Reality Check

★★★
comedy review (edinburgh) | Read in About 2 minutes
33329 large
102793 original
Published 18 Aug 2016

“It's important to laugh, but not too hard, at black jokes.” Thus recent BBC Talent finalist Athena Kugblenu begins, in typically direct style, bracing us for a front-footed Fringe debut about multicultural Britain. She's called it Reality Check, foregrounding “a long, hard look at herself” – and our society.

Her material is pretty strong and always interesting. Kugblenu grew up mixed race in 1980s East Finchley – where, she reminds us, Margaret Thatcher was then MP. The daughter of a Guyanese mother and Ghanaian father—“when I say that, most people think they're the same country"—she's been different since birth, when she was already “the only black person in the room”. She sweeps across race relations with intelligence and wit, mining her personal experiences for humour and social relevance. 

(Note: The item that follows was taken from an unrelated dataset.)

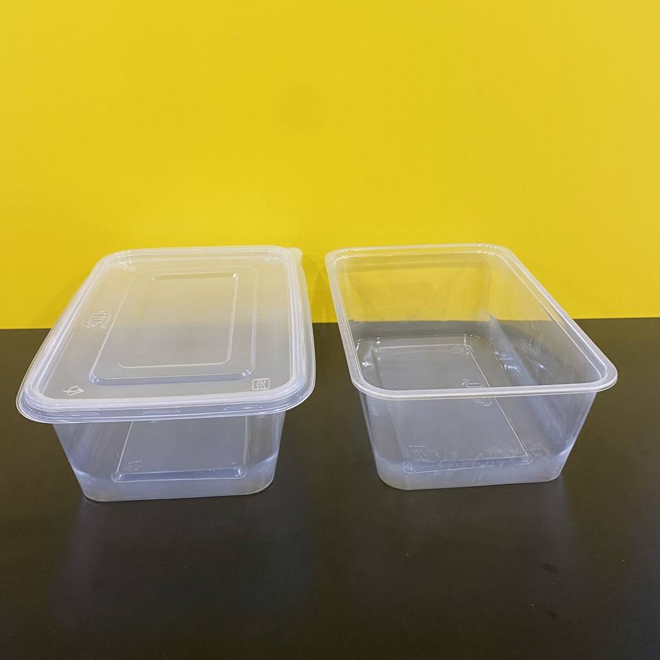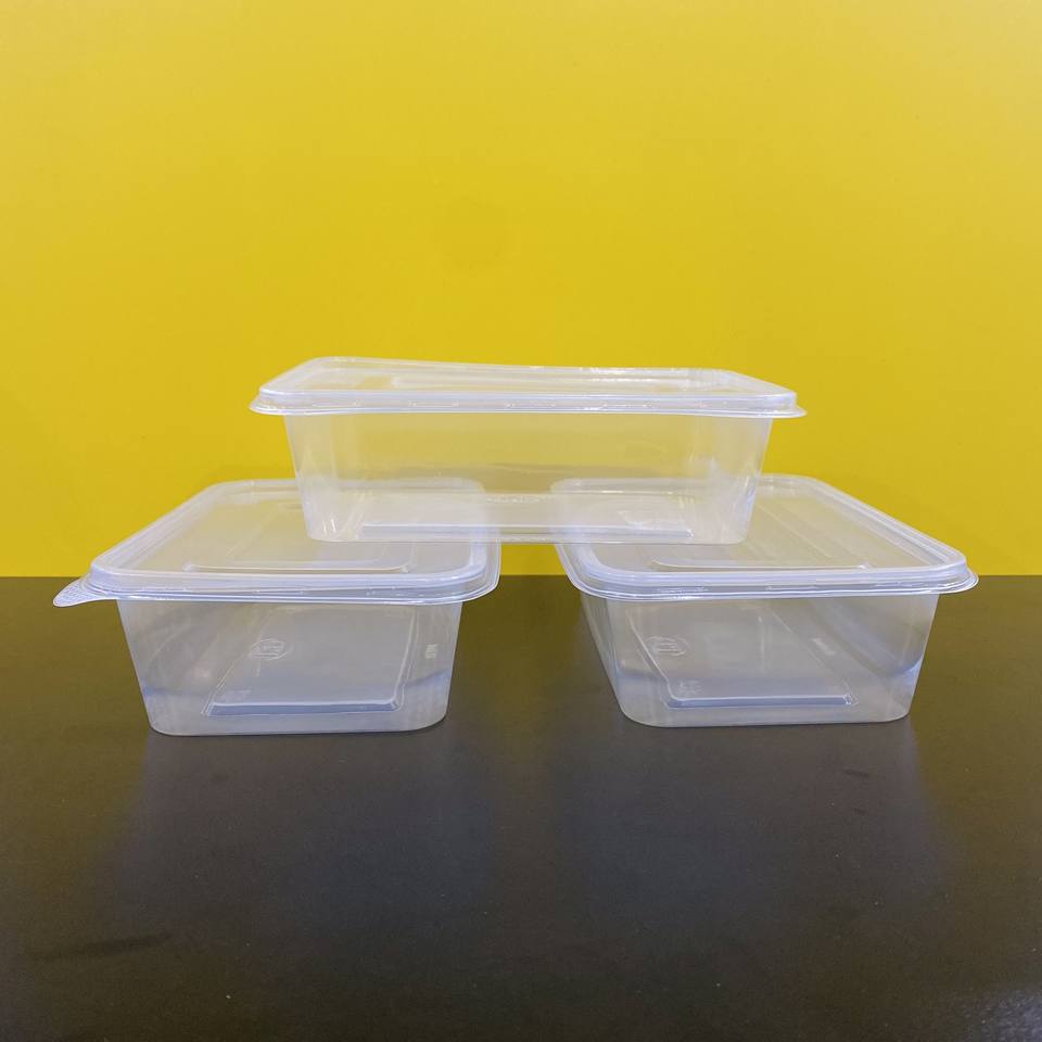 Caja de plástico rectangular desechable transparente con tapa para alimentos/frutas/ensaladas, impresa a medida, de fábrica, buen precio, 550/650 ml

This is her first Fringe show, and it shows at times. Her delivery is occasionally hesitant, and some punchlines are stronger in writing than performance. She has a lot to say, but hasn't quite worked out how to pick and choose her observations and opinions for maximum impact in forming a fully-fledged argument.

Ultimately Reality Check is what it is: a toe-in-the-water free Fringe show by a standup with a lot of promise, but still shy of finding her own voice. As Kugblenu says herself, it's a learning experience: she's her own “sound girl, lighting girl, front-of-house, back-of-house girl.” But if she can build on this, she may well make a beloved Fringe regular of the future.